Exercise objective
Starting at the line below that contains "Below is a layered" and ending at the line that contains "Kompak! Camat, Lurah", retype each line exactly as it stands, but omit the pictures.

Extracted records:
######

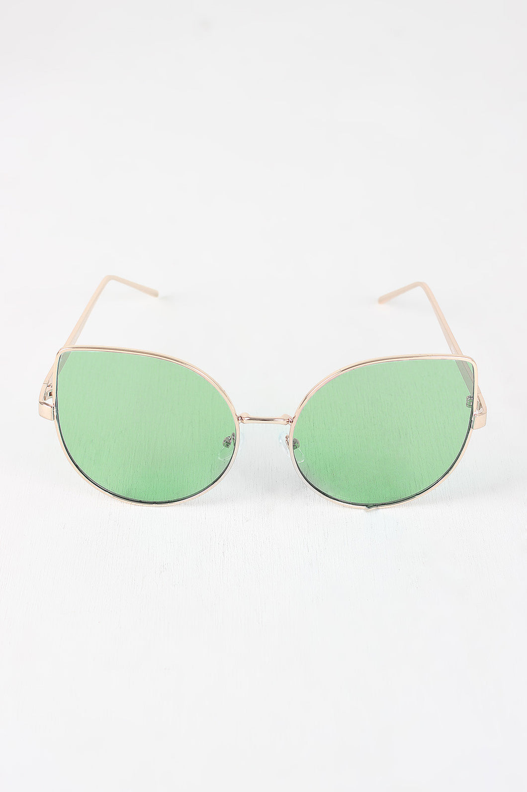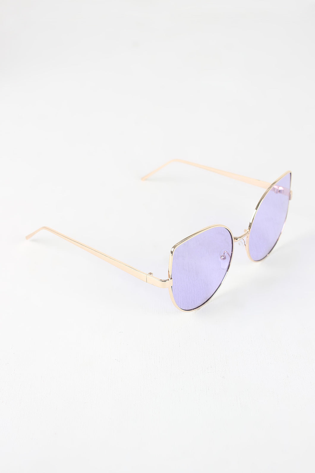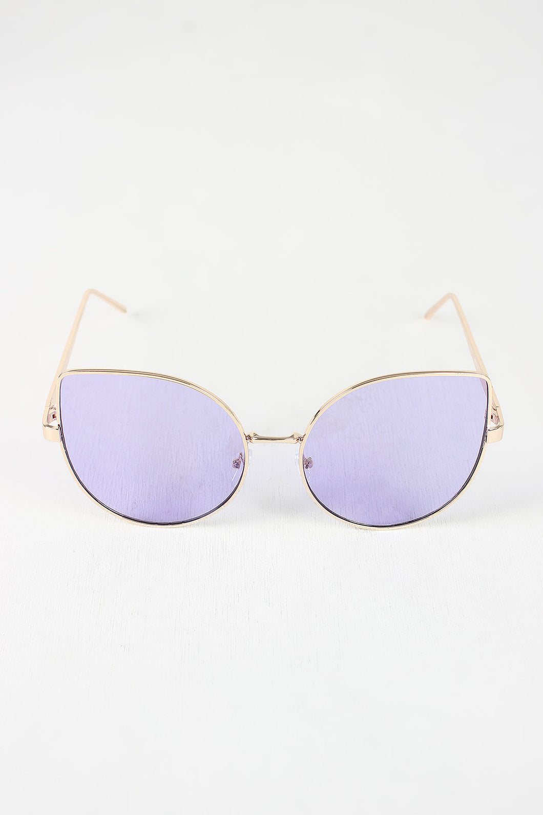These trendy sunglasses have wire frames, cat eye shaped lenses, single bridge and nose pads for comfort.
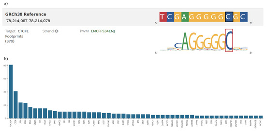 In silico analysis showed that this variant presented a raw score of 1.00 and a C-PHRED score of 10.35. The Conservation Score (ConsScore) was 1.00 among the annotations assessed by CADD. The motifE count was 1.00, reflecting that the variant affects a transcription factor binding motif. Additionally, the motifE HIpos was 0.00, indicating where the highest impact occurs in the affected motif. The motifE Score Change was −0.02, showing a change in the binding of the motif caused by the variant, which could alter the binding affinity of the transcription factor. The tOverlapMotif was 1.00, indicating if the variant overlaps with a known transcription factor binding motif. Lastly, the Motif Dist was 1.00, reflecting the variant location of the binding motif. Subsequently, using a RegulomeDB database revealed that the motif associated with this variant is a CTCFL (CCCTC-binding factor), formerly known as BORIS (Brother of Regulator of Imprinted Sites) (Figure 2a). This finding is corroborated by CADD prediction, which indicates the presence of a single regulatory motif in this region, suggesting a possible involvement in modulating BIRC5 gene expression.
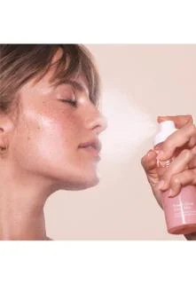 The ultra-fine face spray with peach ferment, peach juice, and vitamin C brightens and hydrates the skin. It provides a healthy glow and glass-like radiance, refreshing thirsty skin all day long with a burst of antioxidant-rich hydration.
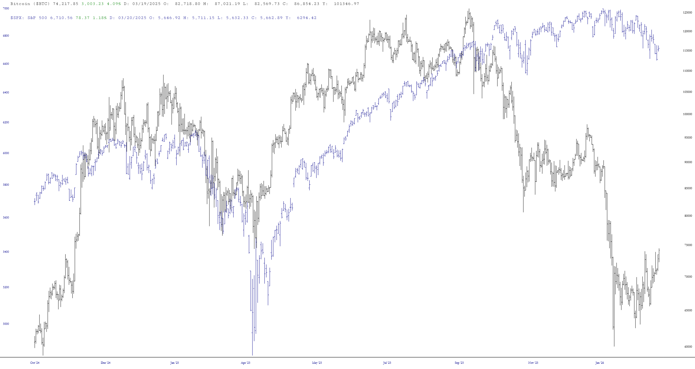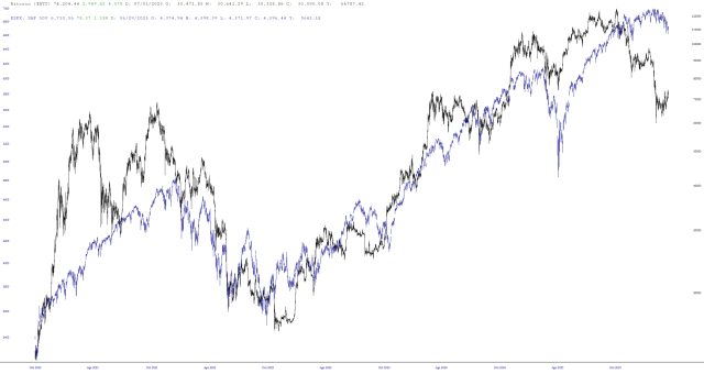 Below is a layered chart illustrating, over a fully six years, how Bitcoin (black line) tends to trade strongly with the S&P 500 (blue line). There are times that the gap between them is substantial, such as recently, whereas for the bulk of this chart they were virtually in lockstep.
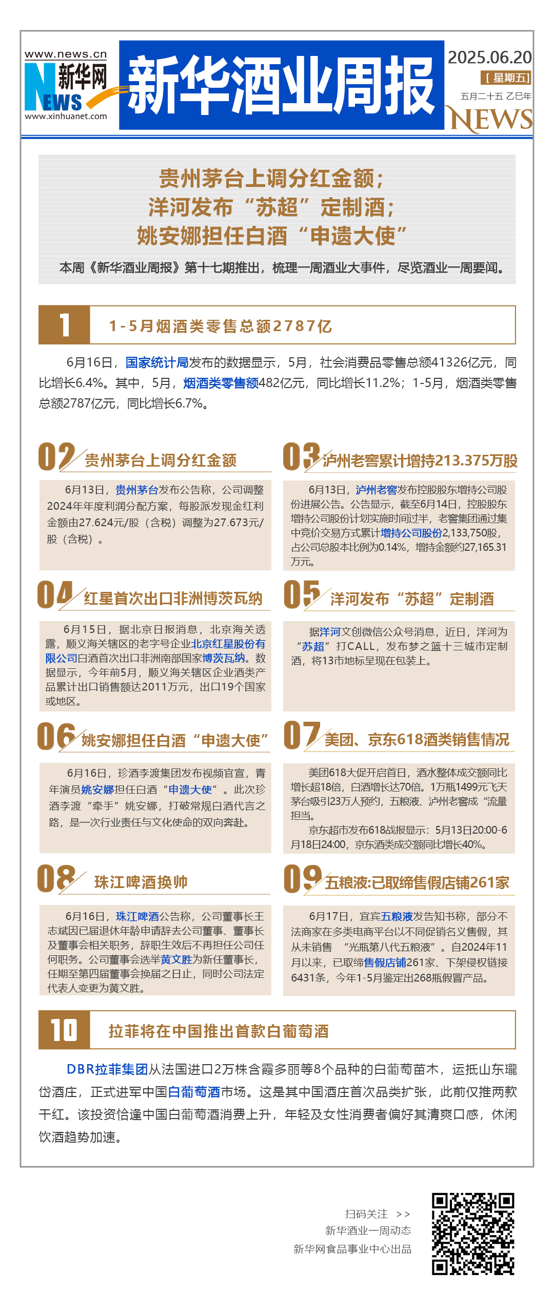 本周(6月14日-6月20日)国家统计局发布的数据显示,1-5月,烟酒类零售总额2787亿元,同比增长6.7%。企业方面,贵州茅台上调分红金额,每股派发现金红利金额由27.624元/股(含税)调整为27.673元/股(含税)。近日,洋河为“苏超”打CALL,发布梦之篮十三城市定制酒,将13市地标呈现在包装上。珍酒李渡集团官宣,青年演员姚安娜担任白酒“申遗大使”,开启白酒申遗新征程。
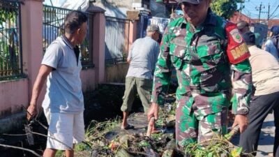 Kompak! Camat, Lurah dan Babinsa Koramil 1409-01/Somba Opu Pimpin Warga Batangkaluku Karya Bakti Bersihkan Drainase
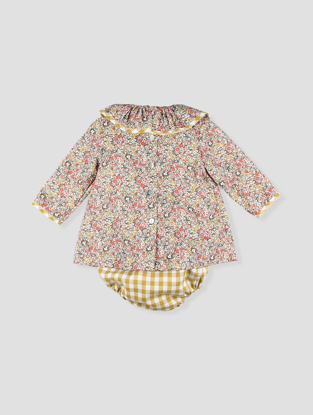 Este encantador jesusito para bebé niña combina el romanticismo del estampado floral con la energía del vichy mostaza. Destaca el gran cuello volante con ribete en contraste y la pechera bordada con delicadeza artesanal. La braguita a juego completa el conjunto, pensado para lucir en días especiales de otoño o invierno. Su diseño cómodo y alegre lo convierte en una elección ideal para regalos o celebraciones. Pertenece a la colección El Viñedo. Hecho en España.
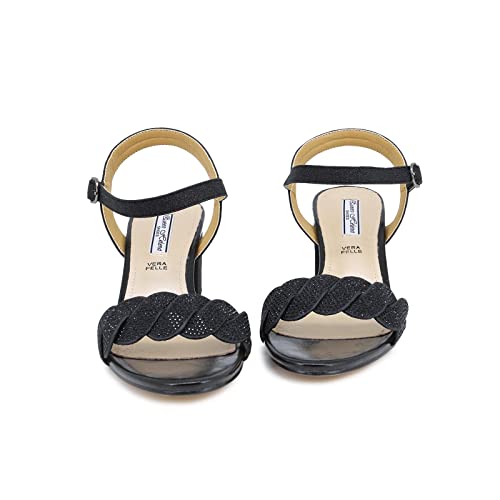 QUEEN HELENA Sandali Eleganti con Tacco Basso Glitterati con Strass Pietre con Cinturino Donna ZM9006 Nero, numeric_37

######

Reply to the task
 Below is a layered chart illustrating, over a fully six years, how Bitcoin (black line) tends to trade strongly with the S&P 500 (blue line). There are times that the gap between them is substantial, such as recently, whereas for the bulk of this chart they were virtually in lockstep.
 本周(6月14日-6月20日)国家统计局发布的数据显示,1-5月,烟酒类零售总额2787亿元,同比增长6.7%。企业方面,贵州茅台上调分红金额,每股派发现金红利金额由27.624元/股(含税)调整为27.673元/股(含税)。近日,洋河为“苏超”打CALL,发布梦之篮十三城市定制酒,将13市地标呈现在包装上。珍酒李渡集团官宣,青年演员姚安娜担任白酒“申遗大使”,开启白酒申遗新征程。
 Kompak! Camat, Lurah dan Babinsa Koramil 1409-01/Somba Opu Pimpin Warga Batangkaluku Karya Bakti Bersihkan Drainase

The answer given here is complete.